With the decision, apparently, made to go forward, the big questions will center around execution. From the beginning it was recognized that deciding which assets to bring onto the government’s balance sheet–and more importantly, how to value them–would be messy.

Earlier this week, in fact, a Congressional panel overseeing the bailout reported that the government overpaid $78 billion last year for stakes in troubled banks as part of the $700 billion Troubled Asset Relief Program. The panel found that Treasury paid $254 billion in 2008 for shares in banks including Citigroup, but got only $176 billion in value.

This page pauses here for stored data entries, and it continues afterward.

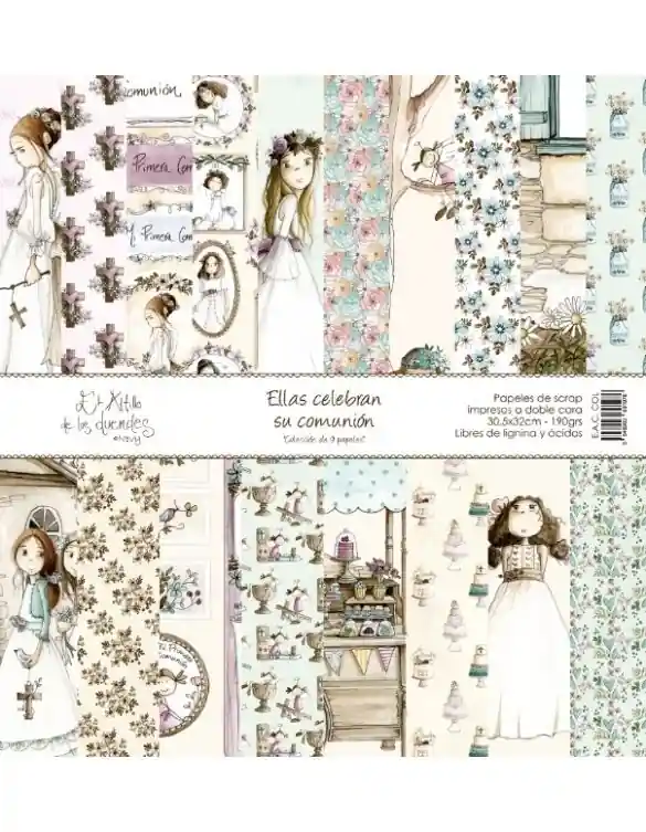 Kit ELLAS CELEBRAN SU COMUNIÓN de EL ALTILLO DE LOS DUENDESConsta de los 6 papeles de la colección Ellas y los tres papeles de la colección Celebrando.Colección de 9 papeles, 30.5×30.5 cm, 190 gr. sin ácidos ni ligninas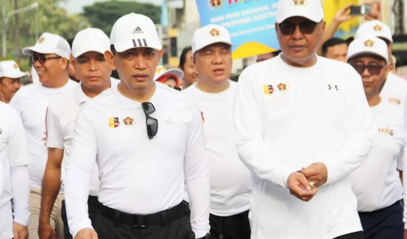 Akhmad Munir Ketua Umum PWI Pusat (kanan) bersama Jenderal Polisi Listyo Sigit Prabowo Kapolri saat acara Pencanangan Hari Pers Nasional (HPN) 2026 di Alun-alun Kota Serang, Banten, Minggu (30/11/2025). Foto: PWI Pusat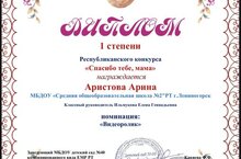 Поздравляем Аристову Арину,ученицу 7 б класса,ставшую победителем республиканского конкурса видеороликов "Спасибо тебе,мама".Молодец,так держать!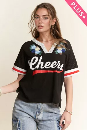PLUS RIBBON BOW LACE SHORT SLEEVE MESH LACE TOP

The CRE industry, meanwhile, has its own concerns. Certainly the majority of players want to see the government intervene. But there could be unforeseen repercussions depending on the details of the plan, John Annaloro, president and CEO of the Washington Credit Union League, tells GlobeSt.com. “I think a lot of people expect the government to buy these assets at their original prices. But the government will have to adhere to their own policy mandates so that is not likely to happen.” If the assets are not purchased at their original prices, mark-to-market rules will lead to a haircut for many financial institutions that own these assets, he says.

Meanwhile there is a wild card in all of this: the Federal Reserve Bank, which, thanks to its charter and mandate, is not as transparent an operation as Treasury. In at least one case made public, the Fed has purchased toxic assets. No doubt there are other plans and strategies the Federal Reserve is hatching as well and how these will dovetail with Treasury’s approach is anyone’s guess at this point.

The Federal Reserve Bank has taken on a greater regulator role since the crisis began last Fall–and will likely continue, Edward Kramer, EVP of Regulatory Programs for Wolters Kluwer Financial Services and a former deputy superintendent of Banks with the New York State Banking Department, tells GlobeSt.com. Much of what the Fed has done thus far has been in a triage capacity, he says. “But I believe they are also looking at creating better ways to systematically guard against undue risk.”